I am convinced that the reason I received so little hate for these tweets is that the twist, what the story is really about, comes like seven tweets deep. You actually have to read the whole thing to get to the part where it swerves into the political, and by then, I’ve already pretty much got you on my side. That, and I spelled Qanon with an asterisk so their little search algorithms didn’t ping, a trick I learned during Gamergate, because we have to pick up survival tricks now like it’s fucking Vietnam just to get through a day on the internet. The story starts to elevate out of the everyday with the reveal of where the scars actually came from and why I lied, then crests with the line about giving up the moral high ground for more story, then turns it all around and connects this thing about children (the ultimate in authenticity—people constantly assume the behavior of children is an illustration of the natural state of humanity—but the nadir of authority, since people simultaneously do not care what children have to say about anything or believe them when they open their mouths) to a bigger thing about adults that baffles everyone not already involved in it. 
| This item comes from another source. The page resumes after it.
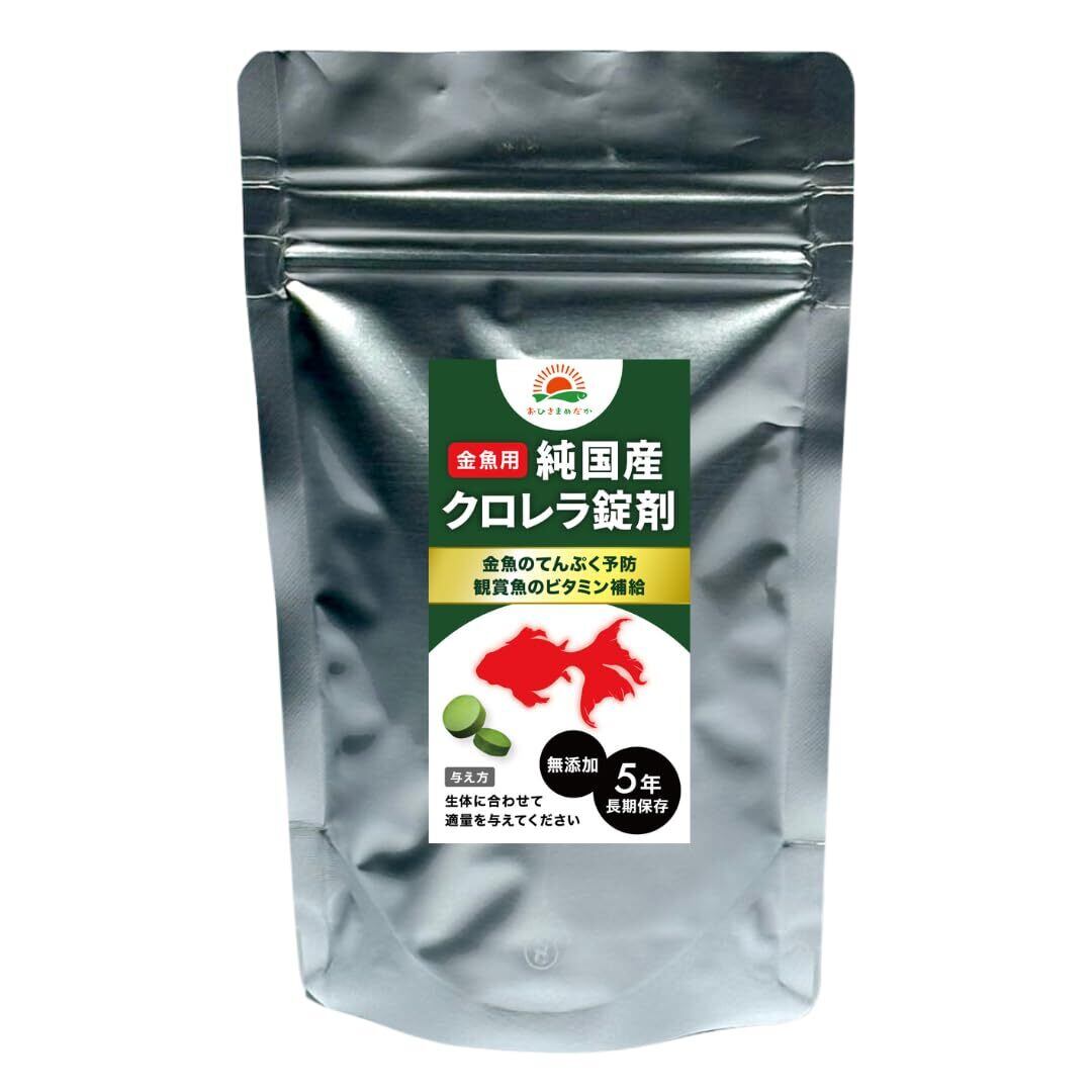 【純国産クロレラ100%使用】安心の日本製品質 国内で培養・製造された高品質クロレラのみを使用。添加物不使用で、繊細な観賞魚にも安心して与えられる純国産サプリメントです。長期5年保存(未開封)。

It feels true to one group of people because we are all seeing people choose to believe lies right now. It feels true to another group because they were disarmed by a story about children and sharks and unprepared after seven fully 280 character tweets to think about conspiracy theories in a critical light, the very thing that normally makes them intractably defensive and aggressive. The old bait and switch, you might say.

And that is incredibly fucking effective in fiction. It’s all over Space Opera HA HA FUNNY EUROVISION CAMP GLITTER ROCK N ROLL YOKO ONO LOL CLIPPY HAVE YOU CONSIDERED HOW FUCKED UP EVERYTHING IS AND HOW WE TREAT EACH OTHER LIKE SINFUL MEAT? And not just in fiction, either, it’s a super common technique in long-form journalism and essays, it’s even why Rachel Maddow starts most of her segments with a digression about the history of Afghani jewelry or some shit.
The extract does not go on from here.